46.2 Linux Compatibility Layer
46.2.1 DRM/KMS Compatibility
Linux's Direct Rendering Manager (DRM) is the standard GPU kernel interface. Userspace
graphics stacks (Mesa, Vulkan, Wayland compositors) use it via /dev/dri/card* and
/dev/dri/renderD*.
ISLE provides DRM compatibility through isle-compat:
Userspace (Vulkan, OpenGL, CUDA, etc.)
|
| Standard DRM/KMS ioctls
v
isle-compat/src/drm/
|
| Translates DRM ioctls to isle-accel KABI calls
v
isle-accel scheduler + AccelBase/AccelCompute vtable
|
| KABI vtable calls
v
GPU driver (Tier 1, domain-isolated)
DRM ioctls translated to isle-accel operations:
| DRM ioctl | isle-accel equivalent |
|---|---|
DRM_IOCTL_MODE_* |
Display subsystem (AccelDisplayVTable, not covered here) |
DRM_IOCTL_*_CTX_CREATE/DESTROY |
create_context / destroy_context |
DRM_IOCTL_*_GEM_CREATE |
alloc_device_memory |
DRM_IOCTL_*_GEM_MMAP |
map_device_memory |
DRM_IOCTL_*_EXECBUFFER |
submit_commands (via AccelScheduler) |
DRM_IOCTL_*_WAIT |
poll_completion |
DRM_IOCTL_PRIME_* |
P2P DMA handle export/import |
46.2.2 NVIDIA Compatibility
NVIDIA's userspace stack (CUDA runtime, cuDNN, TensorRT) communicates with the kernel
driver through proprietary ioctls on /dev/nvidia*. The compatibility approach:
Option A: NVIDIA ships a KABI-native kernel interface layer
- NVIDIA already has a clean internal split between their proprietary
compute core and the "kernel interface layer" (nvidia.ko)
- ISLE provides a KABI implementation of this interface layer
- NVIDIA's compute core links against our KABI implementation
- Same approach described in Section 55.4
Option B: ioctl compatibility shim
- Translate NVIDIA's /dev/nvidia* ioctls to isle-accel KABI calls
- More fragile (NVIDIA changes their ioctl interface between releases)
- Stopgap until Option A is available
Option A is strongly preferred and is the medium-term plan.
46.2.3 Feasibility Analysis: Porting Open-Source NVIDIA Drivers
NVIDIA open-sourced their kernel modules (nvidia.ko, nvidia-uvm.ko, nvidia-modeset.ko) in 2022 under dual MIT/GPLv2 license.

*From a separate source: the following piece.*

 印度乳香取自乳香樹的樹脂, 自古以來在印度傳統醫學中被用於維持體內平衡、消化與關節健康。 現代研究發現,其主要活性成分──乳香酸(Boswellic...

This section analyzes the feasibility of writing a new ISLE-native driver based on this open-source code, preserving binary compatibility with NVIDIA's proprietary userspace stack (CUDA, cuDNN, TensorRT, etc.).
Why this matters: If unmodified libcuda.so, libnvidia-ml.so, cuDNN, TensorRT,
and the entire CUDA toolkit work on ISLE without recompilation, the kernel is
immediately viable for the entire GPU computing ecosystem.
NVIDIA's Architecture (Post-2022 Open-Source Release)
The modern NVIDIA driver stack has a clean three-layer architecture:
Layer 3: Proprietary Userspace (binary-only, NOT recompiled)
┌─────────────────────────────────────────────────────┐
│ libcuda.so (CUDA runtime) │
│ libnvidia-ml.so (NVML monitoring) │
│ cuDNN, TensorRT, NCCL │
│ Vulkan/OpenGL ICD (libnvidia-glcore.so) │
│ NVENC/NVDEC (video encode/decode) │
└──────────────────────┬──────────────────────────────┘
│ ioctl() on /dev/nvidia*
│ (stable-ish interface, versioned by driver release)
v
Layer 2: Open-Source Kernel Module (MIT/GPLv2, THIS IS WHAT WE PORT)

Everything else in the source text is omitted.